Выбрать главу

Читатель сразу принимает «правила литературной игры». Ведь все понятно: автору понадобилось поставить человеческое общество в нечеловеческие условия, но не слишком хотелось пережевывать тысячу раз использованную ситуацию с затерянной земной колонией или заблудившимся звездолетом. Поэтому без всяких объяснений рисуется картинка инопланетного общества, скопированного с земного.
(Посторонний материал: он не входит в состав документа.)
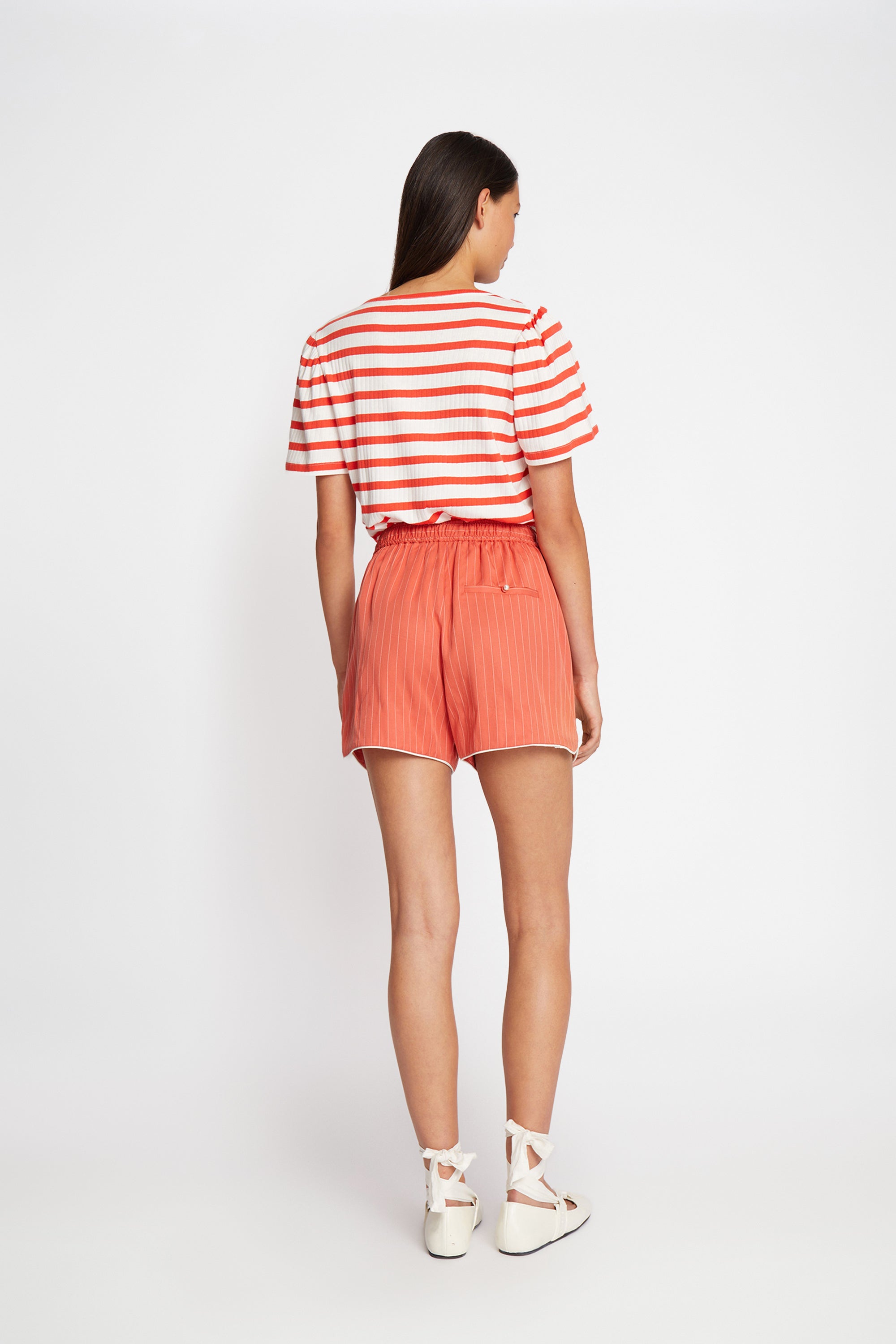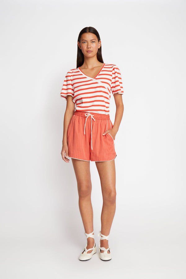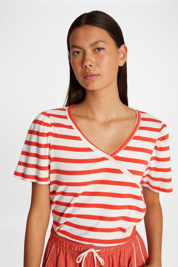Stribet T-shirt i 100% økologisk bomuld med en elegant slå om effekt. Denne T-shirt har en normal pasform og korte ærmer med et let puf ved skulderen.

И пусть даже инопланетяне обладают нечеловеческими способностями, как, например, марсиане Р. Брэдбери — по логике поступков они ничем не отличаются от людей. Особенно в тех случаях, когда автор начинает вести рассказ от имени аборигенов красной планеты. По-людски, жестоко и беспощадно, ревнует муж марсианки Иллы в «Марсианских хрониках». (И совершенное им преступление тоже вполне человеческое.) Легко находит общий язык с землянином из другого времени марсианин в рассказе «Ночная встреча». И уж совсем по-человечески ведет себя Эттил, герой рассказа «Бетономешалка». Чем он отличается от других героев Брэдбери, возмущенных абсурдом, пошлостью и несправедливостью современного мира? Только тем, что он марсианин.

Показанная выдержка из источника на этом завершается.